A noiseless patient spider,

I mark’d where on a little promontory it stood isolated,

Mark’d how to explore the vacant vast surrounding,

It launch’d forth filament, filament, filament, out of itself,

Ever unreeling them, ever tirelessly speeding them.

And you O my soul where you stand,

Surrounded, detached, in measureless oceans of space,

Ceaselessly musing, venturing, throwing, seeking the spheres to connect them,

Till the bridge you will need be form’d, till the ductile anchor hold,

Till the gossamer thread you fling catch somewhere, O my soul.

 

-Walt Whitman

Graphic image of a spider in web

Introduction

A funny thing happened on the way to my death.

 

At the start of 2024, I was happy—joyous—with my life and my Buddhist practice, and I was looking forward to my death. Those are not contradictions. I was happy to go on living in my loving marriage of 30-plus years, enjoying our downsized-for-retirement home, with our kind and generous son visiting regularly. I wasn’t eager for death as long as I could live this way, but as my 78th birthday was approaching, I was going through several physical and cognitive challenges that left me uncertain about living comfortably for more than another year or two.

 

A few years earlier, I had let go of my ego. By that, I mean I gave up any need to prove anything, to stand out from the crowd, to gain recognition. I even gave up writing because I felt I had said and done everything I needed to in this life. There are plenty of good writers out there.

 

My wife and I meet daily to pray and meditate over Zoom for an hour with a group of loving and caring followers of Eastern religions who live throughout the United States. In addition to that practice, I was following, and still follow, Tibetan Buddhist master Yongey Mingyur Rinpoche’s Path of Liberation and his Nectar of the Path liturgy.

Photo of Yongey Mingyur Rinpoche

My primary teacher, Mingyur Rinpoche. Photo credit: Ngawang Thigchok Gurung

It was time, I thought, to add more awareness of death and dying to my practice. Ideally, it’s part of everyone’s practice at any age, but we know how that plays out. Now, I was ready. I bought Andrew Holecek’s book Preparing to Die and loved it. Andrew writes and teaches from a deep understanding of Tibetan Buddhism, including study in Nepal, India, Bhutan, and Tibet, as well as a three-year retreat in Nova Scotia, Canada. He brings to that wisdom a thoroughly modern and nonsectarian spiritual and scientific perspective.

That book helped me incorporate some Pure Land (explained in Chapter 6) teachings into my Vajrayana (Tibetan Buddhist) practice.
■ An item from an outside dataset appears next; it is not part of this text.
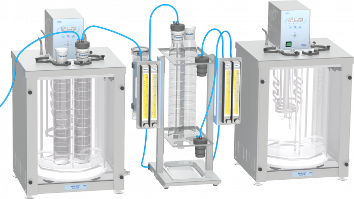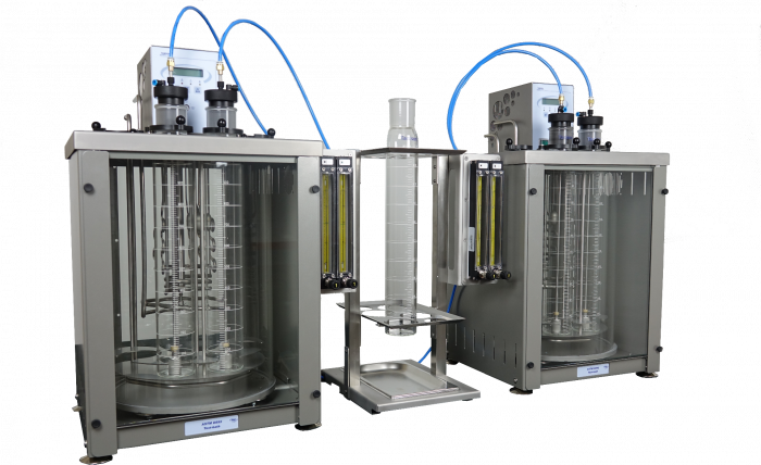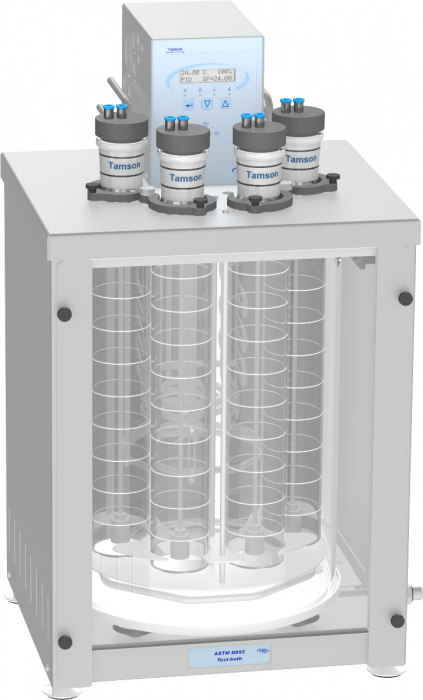 The Tamson foaming dual bath can be used to test the foaming characteristics of lubrication oils conform ASTM D892. The apparatus comes with two baths that can interchangebly be operated at 24°C and 93.5°C. With the two baths, a rack with four flowmeters is standard supplied. Each bath has four openings for foaming cylinders. The rack can be used to hold up to four foaming cylinders, for example between sequence II and III of the test method. Also, the stoppers and optional dryer can be mounted on this rack. The baths are equipped with a metal case for safe operation of the foaming baths. Furthermore, the baths offer an excellent temperature stability and have a drain for easy draining of the bath fluid. Tamson can supply all accessories needed for foaming tests according to ASTM D892.

In May 2024, I virtually attended Andrew’s Blissful Pure Lands Retreat and began bringing Buddha Amitabha (creator and overseer of the Pure Land) into my daily meditations as my venerated yidam (exemplar of all Buddhas). Around June 3, as I brought Amitabha into my consciousness, he seemed to tell me that there was more for me to do.

You know how to write, and you know how to blog, he seemed to be saying, so go ahead and use those skills to manifest your bodhicitta (the deep desire to liberate others from needless suffering).

That’s the creation story of my From the Pure Land blog. I issued the first post on June 5, 2014, and found myself turning out short pieces—five-minute reads—at an almost daily pace. People were reading them. In the first seven months, they reached about 15,000 unique users in 36 U.S. states and 18 countries. In September, I began podcasting and occasionally videocasting one of the From the Pure Land posts each week. Somehow, the magic of podcasting has introduced thousands of listeners in 55 countries to one or more of the posts.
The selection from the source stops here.